- Task -
Set the images aside and retype the whole listing exactly.

- Data shown -
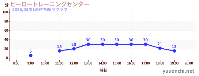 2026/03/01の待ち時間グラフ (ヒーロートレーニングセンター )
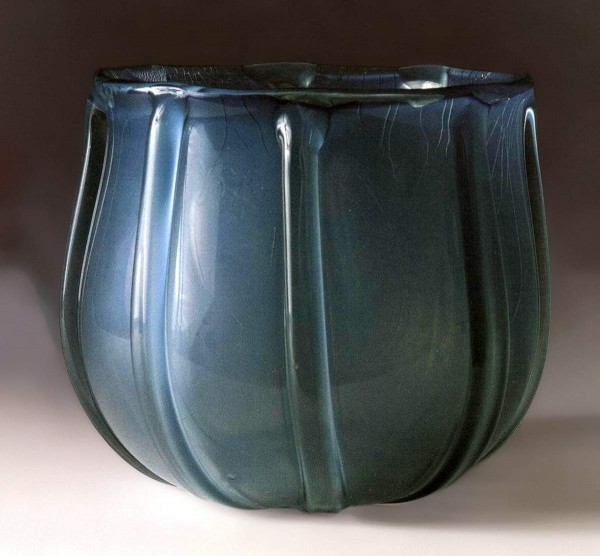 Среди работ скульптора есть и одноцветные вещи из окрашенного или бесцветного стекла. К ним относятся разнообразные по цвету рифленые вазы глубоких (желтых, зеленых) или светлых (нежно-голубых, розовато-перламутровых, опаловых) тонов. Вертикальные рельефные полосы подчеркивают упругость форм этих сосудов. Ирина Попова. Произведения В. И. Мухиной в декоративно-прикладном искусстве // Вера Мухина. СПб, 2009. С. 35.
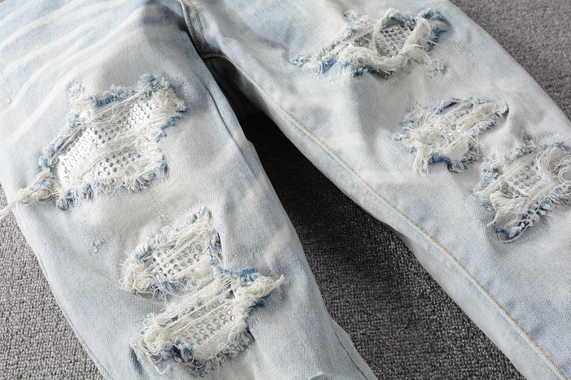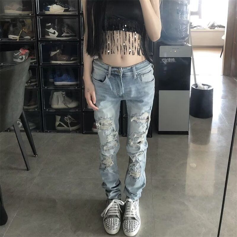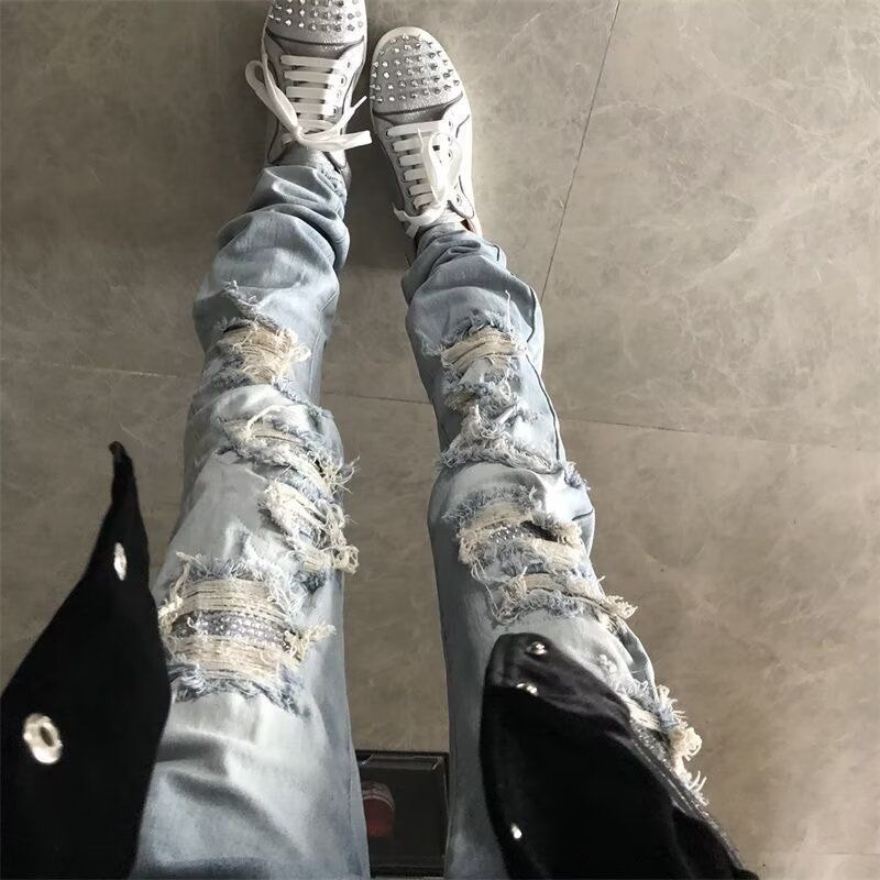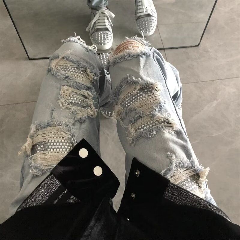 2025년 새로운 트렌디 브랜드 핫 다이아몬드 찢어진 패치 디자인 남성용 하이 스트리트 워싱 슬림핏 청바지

- Answer to the problem -
 2026/03/01の待ち時間グラフ (ヒーロートレーニングセンター )
 Среди работ скульптора есть и одноцветные вещи из окрашенного или бесцветного стекла. К ним относятся разнообразные по цвету рифленые вазы глубоких (желтых, зеленых) или светлых (нежно-голубых, розовато-перламутровых, опаловых) тонов. Вертикальные рельефные полосы подчеркивают упругость форм этих сосудов. Ирина Попова. Произведения В. И. Мухиной в декоративно-прикладном искусстве // Вера Мухина. СПб, 2009. С. 35.
 2025년 새로운 트렌디 브랜드 핫 다이아몬드 찢어진 패치 디자인 남성용 하이 스트리트 워싱 슬림핏 청바지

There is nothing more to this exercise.